Sunday, April 14, 2013

Beyond the Yellow Highlighter by Carol Porter-O’Donnell


I have been teaching active reading strategies to my reluctant high school readers for years, and it is one of the most important components of remedial reading instruction, in my opinion, so I was excited to find this article and to see what new techniques I can learn to enhance my students’ reading comprehension.  Annotating the text is nothing new to me or to my students.  I utilize this strategy whenever we have a text that we can mark on, and when we can’t, I require that students take notes on a graphic organizer or in their notebooks.  Carol Porter-O’Donnell offered some new ideas for annotating the text and implementing active reading strategies.

Porter-O’Donnell begins by having her students list different types of responses that they can make to a text.  Then she develops a plan for how to identify certain types of information in a text.  The image below is of the “Annotating the Text” bookmark that she gives to students:



I might photocopy and laminate this bookmark to give to all of my students at the beginning of next school year.

Porter-O’Donnell suggests that teachers model text annotation by reading an article aloud and placing it under the overhead projector (or document camera) so that students can see how she marks the text.  This is something that I have been doing for years, but perhaps have become accustomed to too often telling students what to mark and should instead require that students provide more of their own input.  Another suggestion that she made that I will try to do is to provide students with examples of how others have annotated a text.  Show examples of how others have marked the same text that they read and marked so that they can see how different readers do it and compare these models to their own.

One suggestion that she made for instances in which students cannot mark on a text included to use a form of two-column notes that require students to copy quotes from the text in one column and their comments in the other column.  I have used this strategy as a reader myself and have found it very beneficial.  I have also used what I call a “side journal”.  Students keep their notebook right next to the paper or textbook they are reading and make annotations on the paper that would otherwise go on the text itself.
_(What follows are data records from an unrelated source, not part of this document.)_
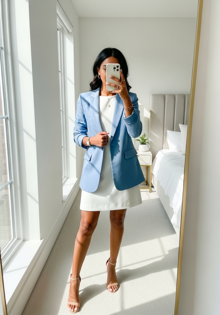 Layering a blazer over a simple dress is one of my go-to tricks. It instantly makes the outfit look more structured and put-together. Pastel blazers work especially well during Easter because they keep the look light.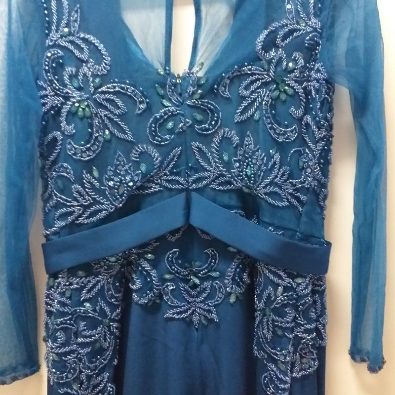 Vestido Festa Bordado Azul Ideal para Av M e de Noiva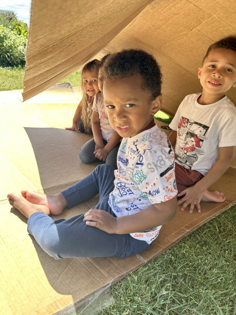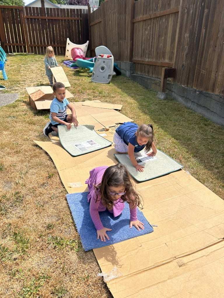 Loose parts like Autumn’s cardboard sheets are environmental variables that kids can use in creating their own play narratives. Such experiences are rich and dynamic opportunities for kids to challenge themselves, hone skills, and have a bit of fun. The kids in Autumn’s program are lucky to have such opportunities; too many children do not.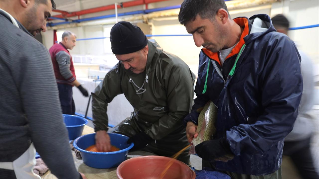 Keban Su Ürünleri Üretim Tesisinde bu yıl verimli geçen alabalık sağımı döneminde 1400 anaç alabalıktan yaklaşık 3 milyon civarında yumurta elde edildi.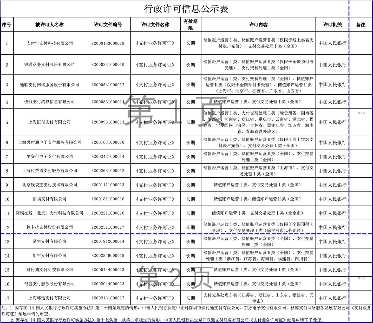 包括支付宝、银联商务、通联支付、快钱支付、上海汇付等共17家支付机构完成牌照续展,支付牌照有效期由5年变更为长期。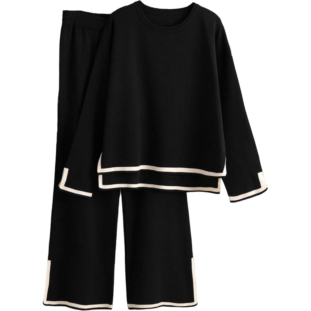 Tanming Women’s 2 Piece Outfits Long Sleeve Knit Sweater Top Wide Leg Pants Lounge Sets Tracksuits(Black)

Porter-O’Donnell had students write reflections about how learning to annotate the text has impacted their reading and she had some impressive feedback.  Many students said that learning to annotate taught them to slow down while they read.  That is important.  I have noticed that my students often seem to just want to get the reading over with.  They will mispronounce words to the point that the text is completely nonsensical, but will keep on reading as if everything is fine.  Afterwards they cannot tell me a thing about what they read.  Annotating the text requires that they stop to think about what they have read.  This gives them the opportunity to make sure that they truly understood what one section of the text meant before they move on to the next.  Another valuable piece of feedback that Porter-O’Donnell received was from a student that commented that marking the text helped her to focus and ensure that her mind doesn’t wander off while she reads.  This is exactly what I explain to my students when they so often tell me that they have trouble focusing while they read.  I feel as though the active reading strategies are a way to “put blinders on” and eliminate distractions.  If you have to do something with what you read immediately after (or while) reading it, it is much less likely that the mind will have a chance to wander.  The final student comment that I want to share was from an honest young man who said that marking the text meant that he could no longer “fake read”.  If he is required to annotate the text, it is too hard to “fake read” and “fake annotate”, so he has to actually read the text!  I felt like standing up and cheering when I read that comment.  Like so many reluctant readers, he knew that he would not read if he could get away with “faking it”.  Requiring text annotation eliminates that as an option for many students.  True growth cannot even begin to occur until students are actually reading.  This process not only enhances comprehension, but it enhances the likelihood that students will finally begin really reading – and true growth can finally take place!